Behavior of post-tensioned dry-stack interlocking masonry shear walls under cyclic in-plane loading

Abstract

Dry-stacked interlocking masonry (DSIM) systems were developed worldwide to minimize the disadvantages of traditional masonry systems such as shrinkage, weak joints, and the need of skilled labors. Nevertheless, dry-stacked walls are recommended to be designed as reinforced and fully grouted. In this paper an experimental study conducted to evaluate the in-plane behavior of full-scale DSIM shear walls under cyclic in-plane loading and to explore the effectiveness of using post-tensioning (PT) instead of grout and reinforcement. A sliding control system to enhance the ductility of the DSIM system was developed.
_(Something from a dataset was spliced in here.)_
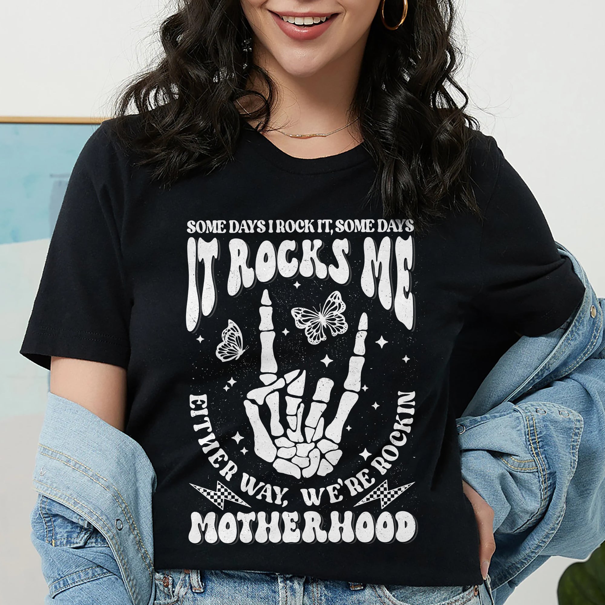 Sandjest Motherhood Shirt, Funny Mom Shirt, Skeleton Rocking Motherhood Graphic Tee, Trendy Mom Life Shirt, Shirt Gift for Cool Mom
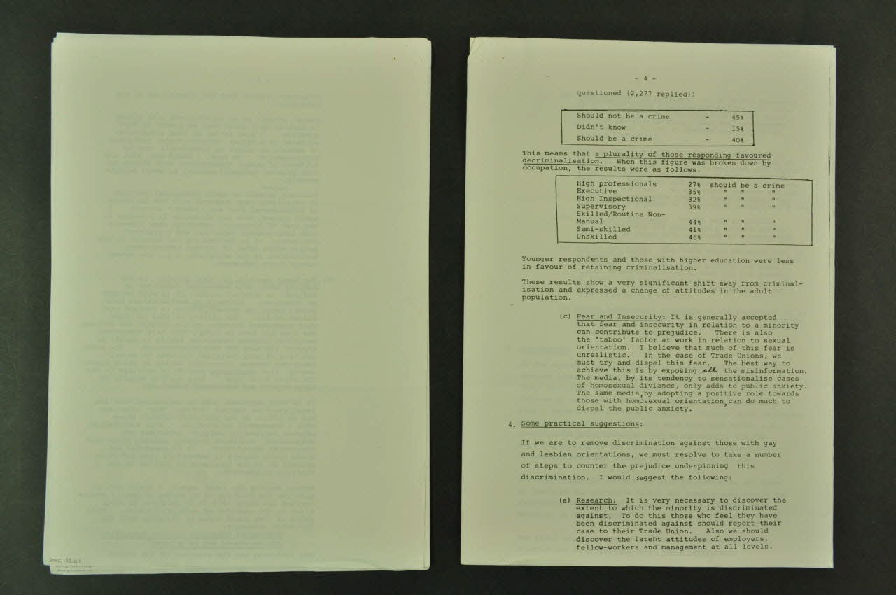 Il s'agit d'une intervention faite au Séminaire sur l'orientation sexuelle dans les lieux de travail tenu au "People's College" à Dublin, le 29 novembre 1985. - Facteurs influençant les préjugés : Ignorance et peur, notamment l'idée fausse que ce sont les personnes à orientation homosexuelles qui sont le plus à même de transmettre le virus du sida, alors que c'est la "promiscuité" chez les hétérosexuels comme chez les homosexuels / La condamnation légale de l'homosexualité active (résultats d'une enquête) - Suggestions pratiques : en particulier, le rôle des syndicats

The test program consists of nine masonry shear walls constructed with three different types of locally available concrete masonry blocks (Conventional, Azar and Sparlock). The specimens were tested under reversed cyclic lateral load up to failure. The test results, including load displacement response, failure mode, modes of deformation, residual drift ratio, displacement ductility, wall stiffness, stiffness degradation, and energy dissipation are presented and discussed. The results showed that a similar behavior of Azar and conventional masonry systems in both reinforced and PT specimens. The utilization of PT with excluding the grout in DSIM shear walls improved the displacement ductility, effective stiffness and energy dissipation. Finally, the developed sliding control system in DSIM PT specimens increased the sliding contribution to 35% of total deformation, hence improved the displacement ductility.